June 26, 2022
The career of a dangerous, bloodthirsty fugitive stirs unrest in Texas

The career of a dangerous, bloodthirsty fugitive stirs unrest in Texas

Texans breathed a sigh of relief Friday after a fugitive suspected of killing five people was killed after escaping from prison where he was serving a life sentence for police murder in a story worthy of a TV series.

Gonzalo Artemio Lopez, 46, astonishingly escaped May 12 from a prison in Leon County, between Dallas and Houston, and has since been the target of a massive manhunt, the largest in the modern history of this southern state. United.

Jason Clark, a spokesman for the Texas Department of Criminal Justice, said the killings of these five innocents – one adult and four minors – were an “absolute tragedy.”

“But we breathe a sigh of relief because Lopez can no longer harm anyone,” he added during an impromptu press conference.

Lopez, who was sentenced in 2006 to life imprisonment for barbaric ax murder and kidnapping, sparked horror.

Physically, he would have been the perfect Netflix series villain: a shaved head, a square face, a pronounced, tattooed chest as well as biceps and a broad back. In short: a murderer’s profile, made even more dangerous due to his known ties to the Mexican mafia and gangs active in the prison.

cinematic escape

The circumstances of his escape illustrate his uncompromising determination.

That day, Lopez was transferred from his prison in Gatesville to another prison in Texas, in Huntsville, to get a medical appointment. The journey will be approximately 260 kilometers, and will take place in a prison bus guarded by armed agents.

His scheme required special observation and he was kept in an iron cage, his legs and hands chained.

The authorities could not explain how he managed to board the ship with a hidden kitchen knife, and then free himself from shackles. In addition, Lopez cut off the metal hinge of his cage, gained access to the driver’s cabin and forced him to stop the bus.

According to the information, a quarrel broke out between the detainee and the driver outside the car. Lopez stabbed the worker in the hand and chest. Another armed agent, positioned in the back of the bus, got off to try to neutralize the detainee.

But Lopez managed to climb back into the driver’s compartment and take the wheel, leaving the two guards behind. They opened fire, causing a puncture of the rear tire of the car, which became difficult to maneuver. Indeed, a kilometer away, Lopez closed the road and left the bus and its passengers, entering the forest.

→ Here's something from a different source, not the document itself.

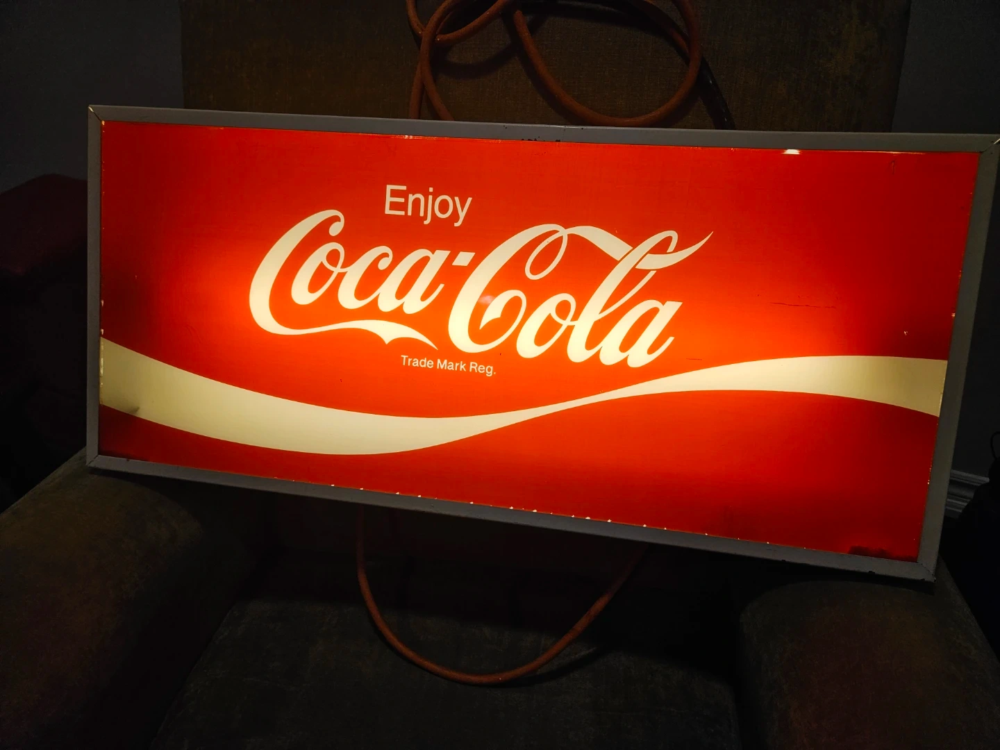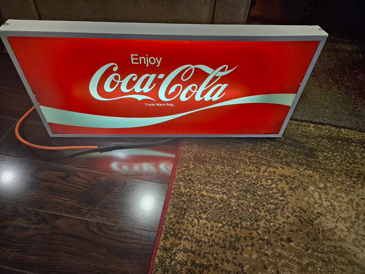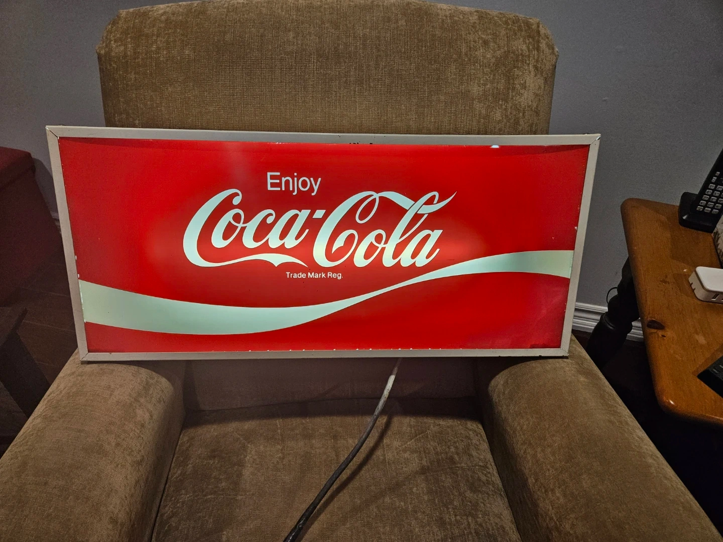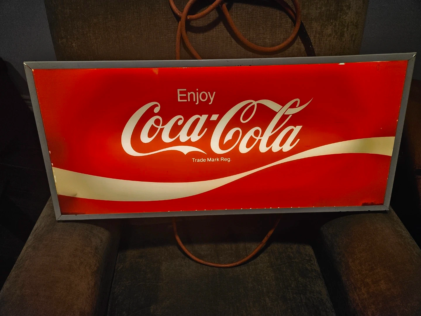 Classic Coca-Cola sign with the iconic script logo. It's a great piece for any collector or fan of vintage memorabilia. This sign would look awesome in a rec room or garage!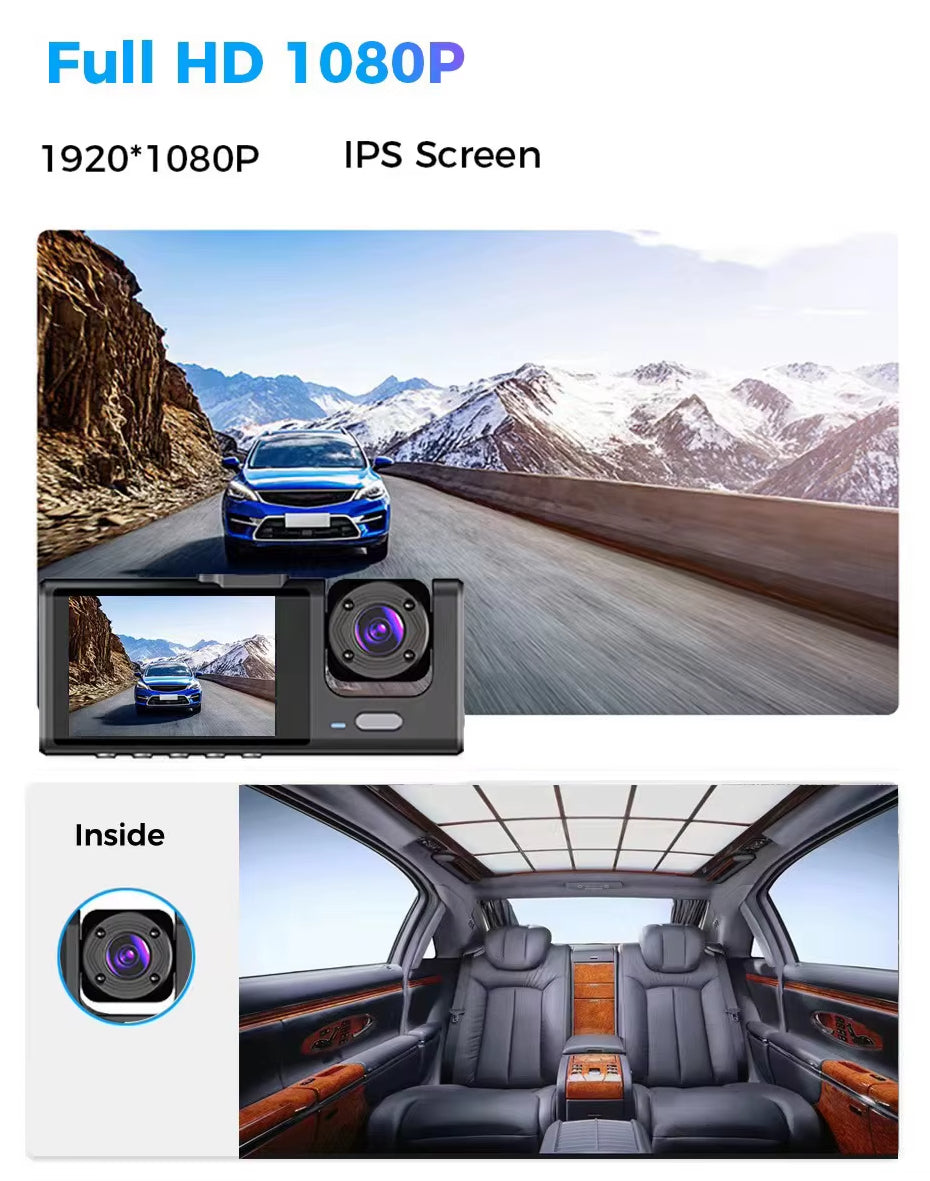 Simultaneously capture crystal-clear Full HD 1080P video from both the front of your vehicle and the interior cabin, providing complete coverage of any incidents.

Dogs, horses and helicopters

From the start, hunting mobilized great resources and every police force available, backed by dogs, horses and helicopters. Location: a mountainous area that includes plains, forests, and rivers.

In portraits worthy of a Western John Ford, dozens of armed agents, in cowboy hats and on horseback, trotted the rugged terrain. But days passed without result. The reward provided for any information leading to Lopez’s arrest was reassessed up to $50,000.

The fugitive was, unsurprisingly, high on the wanted list in Texas, a state whose arrest rate far exceeds that of every democracy on the planet.

Finally, after three fruitless weeks, a concerned person called the police because their family members had not answered their phone calls. At his home, the police found five bodies. Noting the lack of a family car, the Chevrolet Silverado pickup truck, they alerted.

Behind the wheel of this Chevrolet, Lopez saw the end of his career: The truck was reported in Jordanton, south of San Antonio, pursued and finally stopped by a loose fender on the sidewalk.

Lopez, who was carrying an assault rifle and a pistol, opened fire on the police, but got it wrong. They responded by killing him on the spot.

It was “the end of an ordeal,” summed up by Clark, who is tasked with reporting the arrest to the Americans.